March 26, 2014, 9:30 am -

Geneva History Museum
543 South Main Street
Geneva, NY 14456

Nationally-syndicated radio show host Michael Lasser will present the first lecture of the Geneva Historical Society’s Spring Lecture Series on March 26, 2014. The program, “America's Songs: The Great American Songbook,” will be held at the Geneva History Museum at 7:30 p.m.

In conjunction with the recent publication of his latest book, America’s Songs II: From the 1890s to the Post-War Years, Michael Lasser will speak about the Great American Songbook, that unequaled body of song written during the first half of the twentieth century when Irving Berlin, the Gershwins, Cole Porter, and their contemporaries were at the height of their powers. The composers and lyricists of the Great American Songbook combined rich melodies, sophisticated, and smart rhythms with lyrics derived from the slangy vitality of American speech. They also pulled off two unlikely tricks: writing songs that sounded both familiar and fresh at the same time, and that combined sentiment and wit in a single lyric. Lasser weaves history and anecdote to give insight into what our greatest songwriters achieved and how they did it. Entertaining anecdotes about famous and forgotten songwriters alike shed light on the hard work, intelligence, intuition, and good luck that combine to make a good song. Michael Lasser talks about how they did it, song after song after song.

Following his talk, Lasser will take questions and sign copies of his book, which will be available for purchase.
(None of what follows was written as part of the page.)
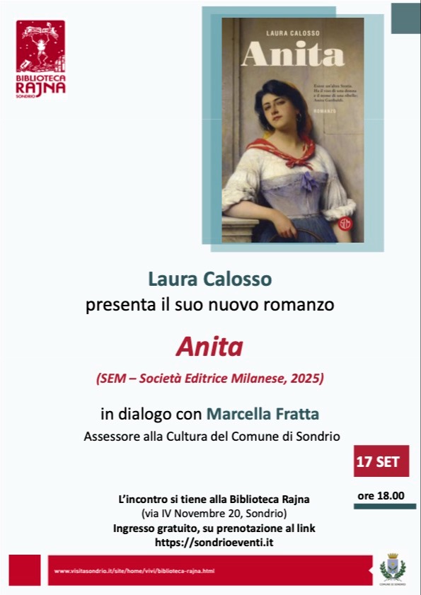 Una serata di cultura e letteratura ti aspetta a Sondrio (SO): il 17 settembre 2025, la scrittrice Laura Calosso sarà ospite della Biblioteca Rajna per presentare il suo nuovo romanzo “Anita”, edito da SEM – Società Editrice Milanese.

Michael Lasser is a lecturer, writer, broadcaster, critic, and teacher. He is the author of America’s Songs II: From the 1890s to the Post-War Years (2013), a companion volume to his and Philip Furia’s America’s Songs: The Stories Behind the Songs of Broadway, Hollywood, and Tin Pan Alley (2006). Since 1980, he has been the host of the nationally syndicated public radio show, Fascinatin’ Rhythm, winner of a 1994 Peabody Award. A graduate of Dartmouth College, he is the former theater critic for The Rochester Democrat & Chronicle and CITY Newspaper, and for 30 years has spoken at museums and universities around the country. In 2010, he was named a Thomas P. Johnson Distinguished Visiting Scholar at Rollins College. He is currently at work on a third book, The Song Is Us: Love, Lyrics & American Life, 1900-1950.